··· Raw data
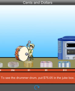 The user can then select “CENTS” or “DOLLARS” or “BOTH CENTS AND DOLLARS”. This will determine what kind of currency is stacked at the front of the platform for the next activity.
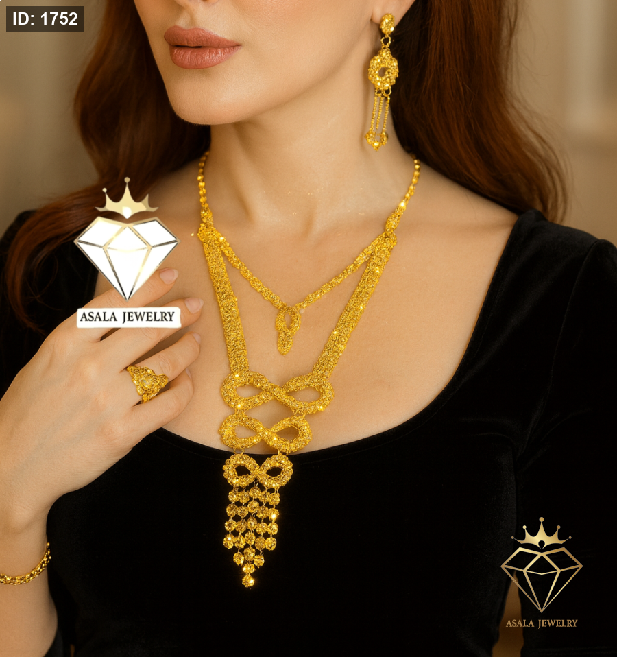 يأتي هذا الطقم الراقي بتصميم عقدة ذهبية متداخلة تمنحك إطلالة ملكية جذابة، مع لمعان قوي يشبه ذهب عيار 21 وثبات ممتاز للّون.
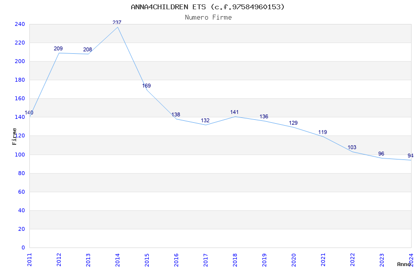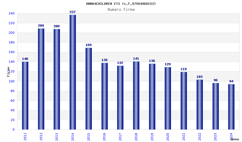 | Anno | Firme | Importi | Media | Naz. | Reg. | Prov. | Comu. |
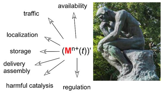 The properties and reactivity of all ions of transition metals are relatively similar. Thus, cells deploy sophisticated means to select only one of them or for assembling relatively complex prosthetic groups when only one specific feature of a given metal is needed. This quest for the right metal in the right place is mandatory to avoid unwanted side reactions. Yet, the uniqueness of the catalyzed reaction/function–metal (group) relationship is not mandatory. In the microbial world, evolution managed to swap metals in some cases to adjust to their environmental availability. However, the recognition of a metal by the coordination sphere of a (would-be metallo) protein is not enough to guarantee selectivity in higher eukaryotes that do not have the genomic plasticity of microbes (and definitely less time and chances to develop it). Hence, metal exchange and channeling through particular pathways ensures metal homeostasis and, consequently, cell welfare. With only a few exceptions, these pathways have been detailed, or altogether discovered, over the last two decades only. This implies that a lot remains to be elucidated, including the interrelationship among the newly identified components. These biochemical reactions are inherently transient, which calls for methodological improvements tracking the metals inside cells, and hopefully later in organs and organisms, at the appropriate spatial and temporal resolutions. In this endeavor, Coordination Chemistry has a central place that is far more sophisticated than the mere definition of metal ligands and binding affinities. Indeed, the thermodynamic component of transition metal–protein interactions forms the basis upon which kinetic considerations will shape our understanding of metal homeostasis. With the legion of new methods, tools, concepts, and theoretical background that continuously develops, coordination chemistry will have to adjust to this moving landscape—a bonanza—and it will undoubtedly gain increased biological usefulness (Figure 5).
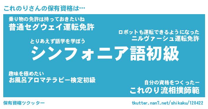 これのりさんの保有資格は… とりあえず語学を学ぼう『シンフォニア語初級』乗り物の免許は持っておきたいね『普通セグウェイ運転免許』自分の資格をつくったー『これのり流相撲師範』 ツクッター #保有資格ツクッター http://tkutter.nan7.net/shikaku/120422/
······
▶ Prompt
Pictures should be skipped, and the records retyped word for word.

▶ Exercise result
 The user can then select “CENTS” or “DOLLARS” or “BOTH CENTS AND DOLLARS”. This will determine what kind of currency is stacked at the front of the platform for the next activity.
 يأتي هذا الطقم الراقي بتصميم عقدة ذهبية متداخلة تمنحك إطلالة ملكية جذابة، مع لمعان قوي يشبه ذهب عيار 21 وثبات ممتاز للّون.
 | Anno | Firme | Importi | Media | Naz. | Reg. | Prov. | Comu. |
 The properties and reactivity of all ions of transition metals are relatively similar. Thus, cells deploy sophisticated means to select only one of them or for assembling relatively complex prosthetic groups when only one specific feature of a given metal is needed. This quest for the right metal in the right place is mandatory to avoid unwanted side reactions. Yet, the uniqueness of the catalyzed reaction/function–metal (group) relationship is not mandatory. In the microbial world, evolution managed to swap metals in some cases to adjust to their environmental availability. However, the recognition of a metal by the coordination sphere of a (would-be metallo) protein is not enough to guarantee selectivity in higher eukaryotes that do not have the genomic plasticity of microbes (and definitely less time and chances to develop it). Hence, metal exchange and channeling through particular pathways ensures metal homeostasis and, consequently, cell welfare. With only a few exceptions, these pathways have been detailed, or altogether discovered, over the last two decades only. This implies that a lot remains to be elucidated, including the interrelationship among the newly identified components. These biochemical reactions are inherently transient, which calls for methodological improvements tracking the metals inside cells, and hopefully later in organs and organisms, at the appropriate spatial and temporal resolutions. In this endeavor, Coordination Chemistry has a central place that is far more sophisticated than the mere definition of metal ligands and binding affinities. Indeed, the thermodynamic component of transition metal–protein interactions forms the basis upon which kinetic considerations will shape our understanding of metal homeostasis. With the legion of new methods, tools, concepts, and theoretical background that continuously develops, coordination chemistry will have to adjust to this moving landscape—a bonanza—and it will undoubtedly gain increased biological usefulness (Figure 5).
 これのりさんの保有資格は… とりあえず語学を学ぼう『シンフォニア語初級』乗り物の免許は持っておきたいね『普通セグウェイ運転免許』自分の資格をつくったー『これのり流相撲師範』 ツクッター #保有資格ツクッター http://tkutter.nan7.net/shikaku/120422/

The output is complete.